What My Routine Actually Looks Like Now
☀️ Mornings
La Roche-Posay Toleriane cleanser, then CeraVe AM Lotion with SPF 30. The same two steps that started this, still doing the job months later.
🌙 Evenings
Same cleanser, then CeraVe PM Lotion. Anything beyond this has come later, based on specific observations — not based on ever settling on a definitive “skin type.”
Questions I Get Asked a Lot
So skin type quizzes are useless?
I wouldn’t go that far — they might be a useful starting conversation for some people. For me, specifically, they became an obstacle because I treated their output as something I needed to resolve before acting, and the conflicting results made that resolution feel impossible. If a quiz gives you a quick general sense and you move on, that’s different from what happened to me.
How long should I “just observe” before choosing products based on what I notice?
For me, a few weeks was enough to notice the patterns I mentioned — oilier T-zone, seasonal dryness. I don’t think there’s a precise number that’s right for everyone, but “long enough to notice a pattern, not just a single day” seems like a reasonable rough guide.
What if the gentle starting products don’t seem to do anything?

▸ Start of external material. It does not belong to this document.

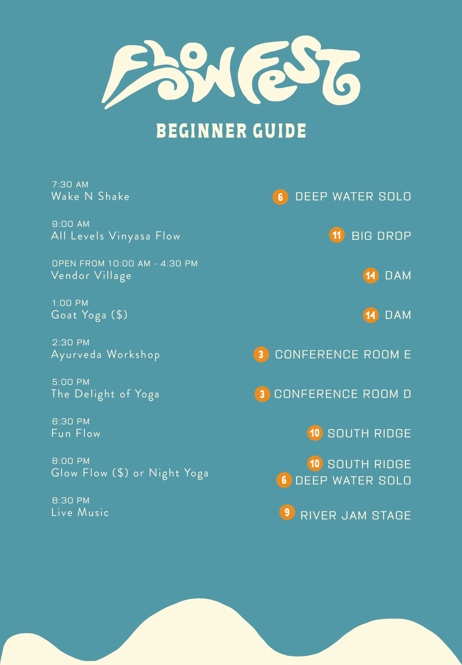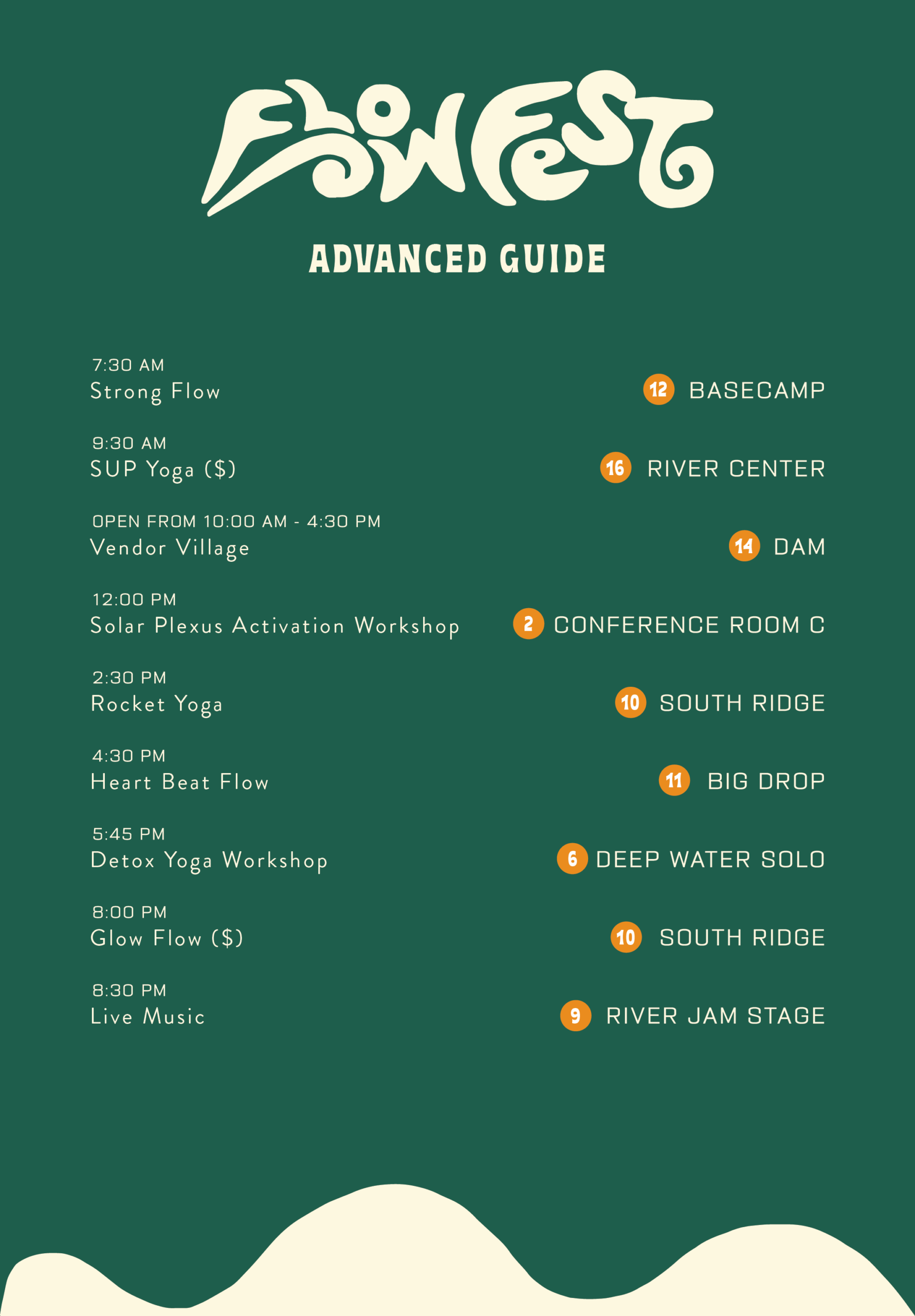Flow Fest features 100+ practices and workshops for yogis of all skill level. Plan ahead for a full day of flow with Skill Level Guides, Whitewater’s recommendations for making the most of your Flow Fest experience:

For me, “doesn’t seem to do anything dramatic” was actually a fine outcome at the starting stage — the goal wasn’t a dramatic result, it was a baseline that let me notice how my skin behaved without that baseline itself being the source of any reaction.

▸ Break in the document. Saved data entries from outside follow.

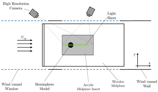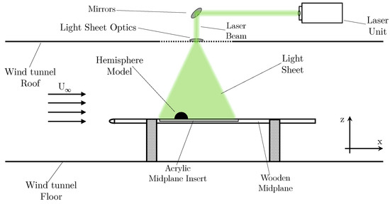 During the testing procedure, the SPIV experiment was conducted initially. A Litron Bernoulli B-PIV 200-15 laser was utilised, with a 15 Hz repetition rate and a wavelength of 523 nm. For data acquisition, the cameras utilised were two LaVision CX-5 cameras, with a resolution of 2440 × 2040 pixels. The cameras are coupled with 30 mm lenses and 523 ± 10 nm filters. The seeding particles used were vaporised Di-ethylhexyl sebacate particles. All image acquisition was conducted using a DaVis system. The major structural deformation, determined observationally from initial pretesting, was along the centreline of the hemisphere structure. Thus, for this testing, a centreline slice within the flow field of the wind tunnel was observed. The pixel resolution for the setup tested was 7.56 pixels/mm. Figure 7 and Figure 8 present diagrams of the test setup used for data acquisition. Image acquisition was completed using a phase-locked system, with an external trigger. This allows for the acquisition of 100 samples at a 5 Hz input pulse, offset with 20 subsamples of the overall 5 Hz pulse. In this paper, the results presented are mean and root mean square (RMS) flow parameters and the specific operational characteristics of the phase locked PIV and development will be presented in a subsequent paper.
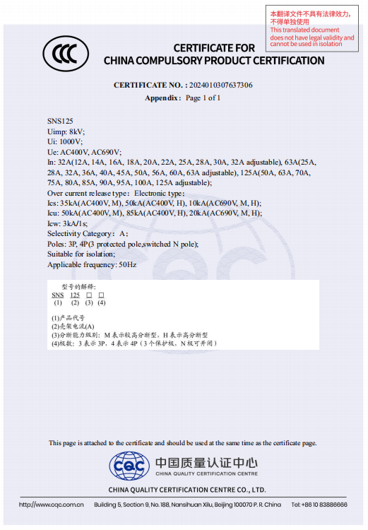 SNS125, SNS250 L/M/H type, SNS400,SNS630 L/M/H type thermal magnetic type and the above specifications four pole neutral pole type A, B circuit breakers can be with "thermal overload alarm without tripping" function to ensure power supplycontinuity and meet the requirements of Article 6.3.6 of GB50054.
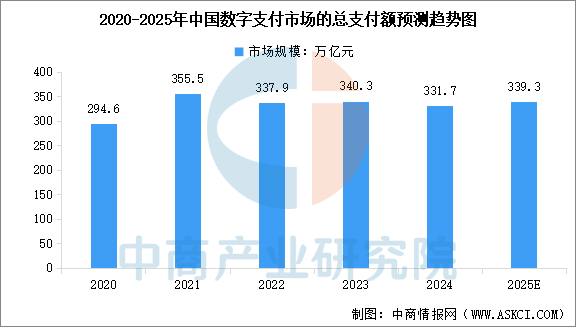中商產(chǎn)業(yè)研究院發(fā)布的《2025-2030年全球支付行業(yè)市場調(diào)研及投資前景預(yù)測報(bào)告》顯示,中國的數(shù)字支付市場近年來穩(wěn)步增長,從2020年的294.6萬億元增至2024年的331.7萬億元,復(fù)合年增長率為3.0%。未來隨著二維碼支付、聚合收款和數(shù)字人民幣的不斷融合,以及平臺型商戶對統(tǒng)一收單與運(yùn)營解決方案需求的日益增長,到2025年中國數(shù)字支付的總支付額預(yù)計(jì)將達(dá)到339.3萬億元。
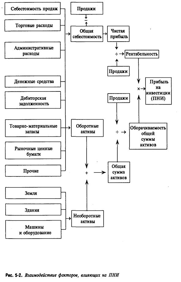 Разделение ПНИ основано на тезисе, что прибыльность компании непосредственно связана со способностью ее руководства эффективно управлять активами и квалифицированно контролировать расходы. Коэффициент прибыльности (процентное выражение прибыли, полученной от продаж) является показателем рентабельности или эффективности финансовых операций. С другой стороны, оборачиваемость общей суммы активов (количество операций, при которых инвестиции, размещенные в активах, оборачиваются в течение года с результатом, воплощенным в продажи) дает возможность оценить, насколько хорошо компания распоряжается своими активами.

Is it bad to start with the “wrong” products for your skin type if you don’t know it yet?
Based on my experience, starting with broadly gentle, fragrance-free basics seemed to reduce how much this mattered — they weren’t strongly “for” any particular type, which meant there wasn’t really a wrong choice to make at that stage in the way there might be with something more targeted.
The Actual Takeaway
“Know your skin type first” turned out to be advice that, taken literally, has no real starting point — the knowledge it asks for is generated by the thing it says should come after it. I don’t think the advice is wrong exactly, but I think it’s incomplete in a way that cost me years: starting with something gentle enough not to need that knowledge in advance is how the knowledge actually gets generated, not a workaround for not having it yet.
If “I don’t know my skin type” has been part of why you haven’t started anything, it might be worth considering that the not-knowing isn’t really the obstacle it feels like — it’s closer to the starting condition that basic, gentle products are designed for in the first place.